━━━━━ Data segment
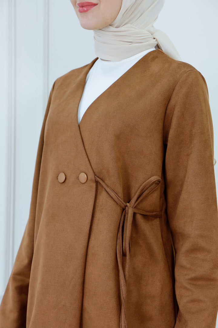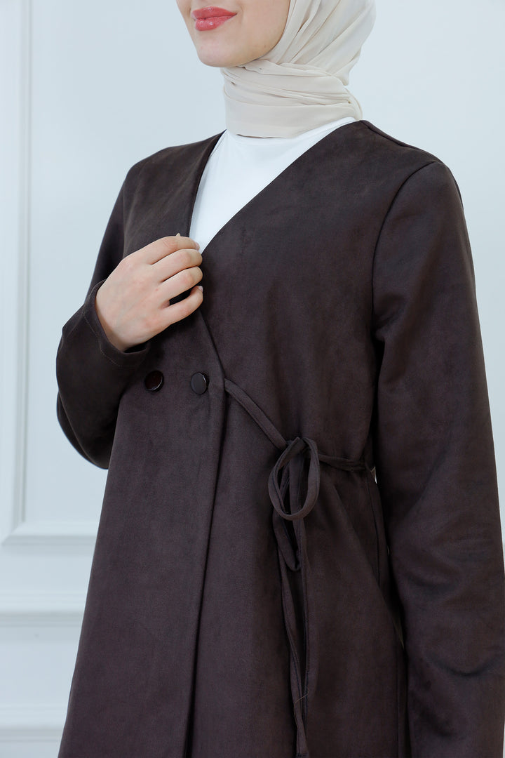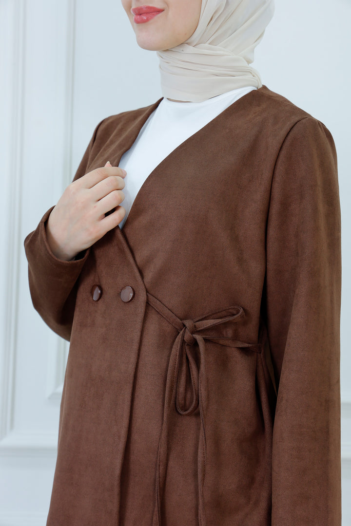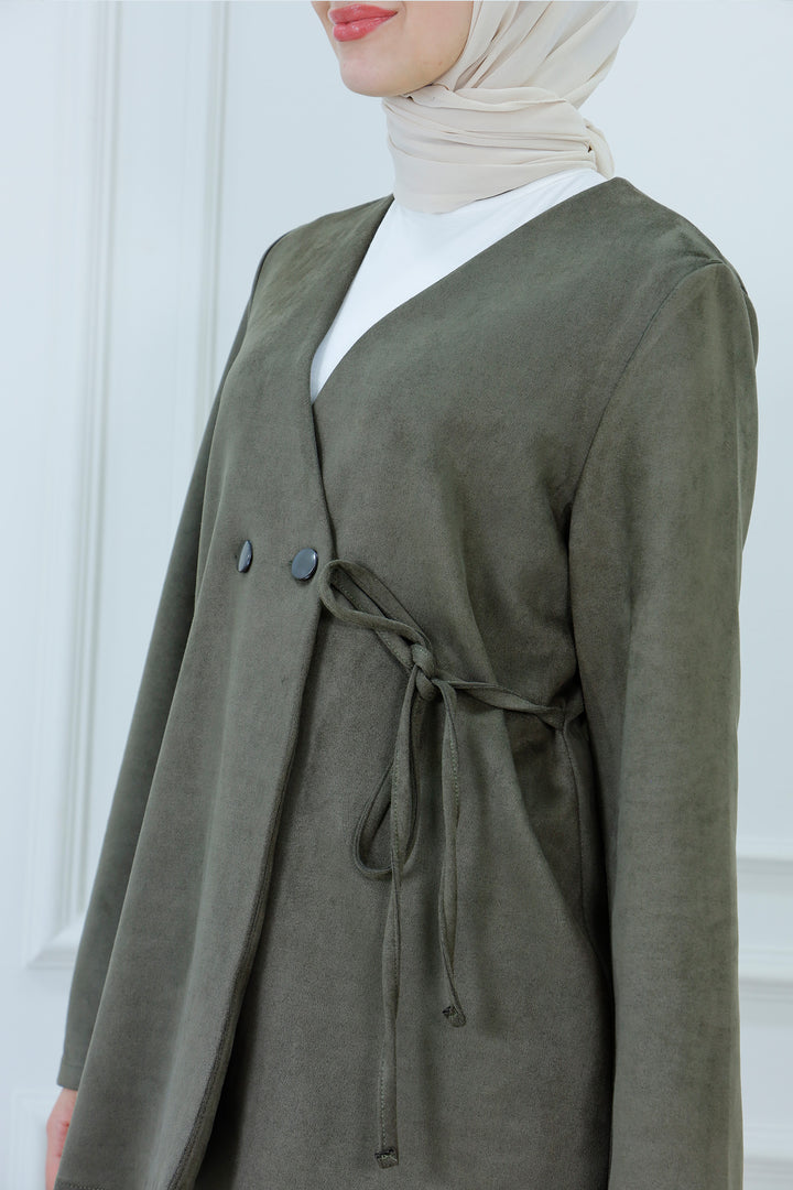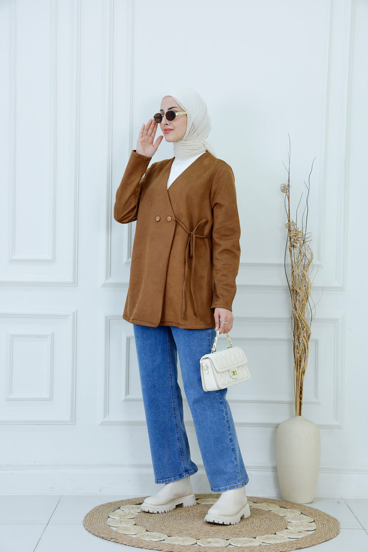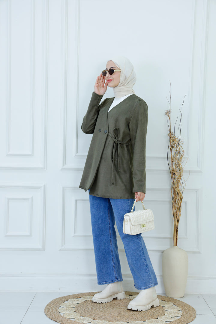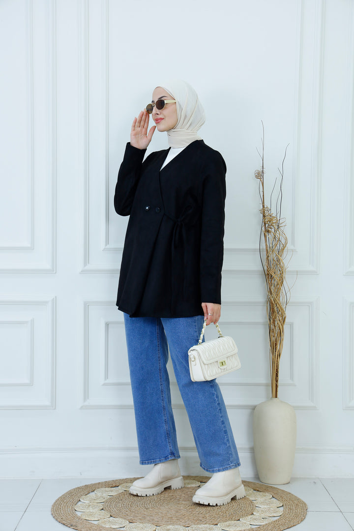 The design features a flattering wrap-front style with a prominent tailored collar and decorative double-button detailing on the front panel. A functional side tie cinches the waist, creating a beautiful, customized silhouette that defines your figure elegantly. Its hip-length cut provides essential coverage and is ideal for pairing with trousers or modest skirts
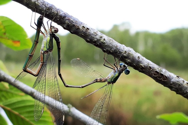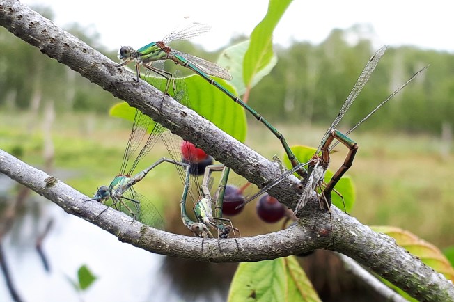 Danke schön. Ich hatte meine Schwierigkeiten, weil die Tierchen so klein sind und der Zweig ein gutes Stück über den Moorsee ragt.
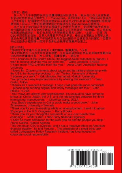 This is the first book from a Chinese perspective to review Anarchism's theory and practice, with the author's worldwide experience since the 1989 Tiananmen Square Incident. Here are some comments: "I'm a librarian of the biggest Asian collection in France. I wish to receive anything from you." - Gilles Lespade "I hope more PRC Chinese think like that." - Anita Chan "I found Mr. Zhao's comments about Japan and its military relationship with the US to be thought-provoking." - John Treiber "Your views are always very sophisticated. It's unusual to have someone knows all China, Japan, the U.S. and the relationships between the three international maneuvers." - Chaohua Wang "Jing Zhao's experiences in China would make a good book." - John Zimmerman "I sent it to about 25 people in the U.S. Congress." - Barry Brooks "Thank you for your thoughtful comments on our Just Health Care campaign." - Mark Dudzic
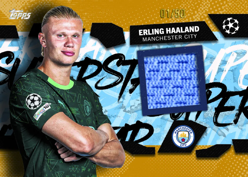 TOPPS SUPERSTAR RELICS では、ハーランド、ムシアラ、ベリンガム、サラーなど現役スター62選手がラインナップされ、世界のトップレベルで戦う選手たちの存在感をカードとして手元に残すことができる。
━━━━━━━━━━
Exercise description — Once the line holding "Danke schön. Ich" is found, copy it and each later line exactly through the end of the data, leaving out the pictures.

Expected output —
 Danke schön. Ich hatte meine Schwierigkeiten, weil die Tierchen so klein sind und der Zweig ein gutes Stück über den Moorsee ragt.
 This is the first book from a Chinese perspective to review Anarchism's theory and practice, with the author's worldwide experience since the 1989 Tiananmen Square Incident. Here are some comments: "I'm a librarian of the biggest Asian collection in France. I wish to receive anything from you." - Gilles Lespade "I hope more PRC Chinese think like that." - Anita Chan "I found Mr. Zhao's comments about Japan and its military relationship with the US to be thought-provoking." - John Treiber "Your views are always very sophisticated. It's unusual to have someone knows all China, Japan, the U.S. and the relationships between the three international maneuvers." - Chaohua Wang "Jing Zhao's experiences in China would make a good book." - John Zimmerman "I sent it to about 25 people in the U.S. Congress." - Barry Brooks "Thank you for your thoughtful comments on our Just Health Care campaign." - Mark Dudzic
 TOPPS SUPERSTAR RELICS では、ハーランド、ムシアラ、ベリンガム、サラーなど現役スター62選手がラインナップされ、世界のトップレベルで戦う選手たちの存在感をカードとして手元に残すことができる。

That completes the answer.